В это время я уже оборачивался, или, скорее, полуобернулся, чтобы видеть этого сурового человека, а потому уже полу-не-видел, как протянутая сбоку рука прихватила, зажав пальцами, закладочный листок из разворота моей книги.

Его лицо было просто и ничего не означало, если не считать выражения какой-то расплывчатой неуверенности, которое я удивлённо успел поймать в разительном контрасте с тоном его требования.

И тотчас я увидел его спину, выходящую на станции "Автозаводской", одетую в куртку цвета бутылочного пива и не украшенную какими-либо надписями или рисунками. Их тогда не могло быть и спереди, а теперь мне ясно, что их и вообще не сможет быть никогда.

Сдвинулись двери, вагон поплыл, разгоняясь. Наехала дыра, и, вместе с нею, летящий, раскачивающийся гул возвратил меня моему обыкновенному чтению, хотя я и пожимал было плечами…

Что говорить? До "Новокузнецкой" почти забылось, а позже, отведя случайно взгляд от условной прозы журнала на длинные ноги в сетчатых чулках, забылся и я, медленно скользя вверх по вызывающему изгибу бедра, обтянутому чёрной синтетикой, западая на секунду в излучины талии, груди и шеи, - пока не очнулся на округлом, почти идиотическом личике в беспомощных очках с кудряшками, как бы приклеенными к ним по бокам и сверху. Это как раз была "Театральная", и я направился в нотный магазин на Неглинной.

"Да что ж такое? куда сгинул этот список для второго класса?" - недоумевал я, на ходу поспешно обшаривая все карманы: брюк, рубашки и сумки. Попадалась табачная труха, стержни шариковых ручек с засохшей пастой, автобусные билеты, бумажки, которые я рассматривал, разворачивая: оплаченный счёт за разговор с Ташкентом в марте месяце, билеты с Крымского вала, где была хорошая выставка Зинаиды Серебряковой, оплавившийся по неосторожности пластмассовый мундштук… (Все эти вещи - либо прошлые, либо общезначимые - конечно, не пригодились бы ему.) Потом скрепки, копейки: одна, потом вторая…

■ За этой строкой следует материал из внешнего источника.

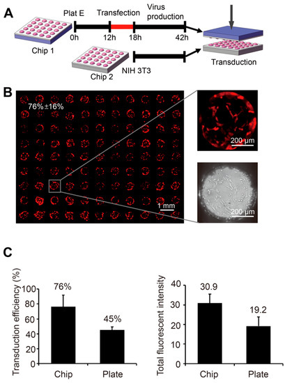 Although the chemical transfection is easy to conduct, its efficiency is low for most of the primary cells [21]. Exploiting the viral infection pathway, the method of viral transduction is efficient for most of the cell types [22] and has been widely used in studies of stem cells and primary cells. Typical virus transduction includes two steps: (1) virus packaging by the packaging cells, and (2) transduction of the target cells by adding the virus containing medium. These two steps can all be performed on the SMAR-chip in a high throughput manner as illustrated in Figure 4A. The retroviral packaging cells Plat-E were seeded on the SMAR-chip and transfected with the viral vector encoding RFP as described above. In the following 48 h, viruses were released into the droplets in each microwell. To infect the target cells, the chip with the viruses was upside-down aligned and sandwiched with the chip seeded with NIH-3T3 cells, which showed very low transfection efficiencies (22% using Lipofectamine® 2000) in published data [23,24]. As shown in Figure 4B, the expression of RFP was observed in 76% ± 16% of the NIH-3T3 cells, demonstrating successful virus packaging and transduction.

Я позвонил из автомата и попросил дочь снова продиктовать мне список. Корябая засохшим стержнем на весу и мучаясь, я косил взглядом на курящего высокого человека с "дипломатом", а тот снисходительно ждал телефона. "Всё-то приходится делать так, чтобы занимать минимум места и времени, ибо эти место и время лишь отчасти твои, а в основном - чужие". - "Кто-кто? Лешгорн, опус 65?.. Понятно".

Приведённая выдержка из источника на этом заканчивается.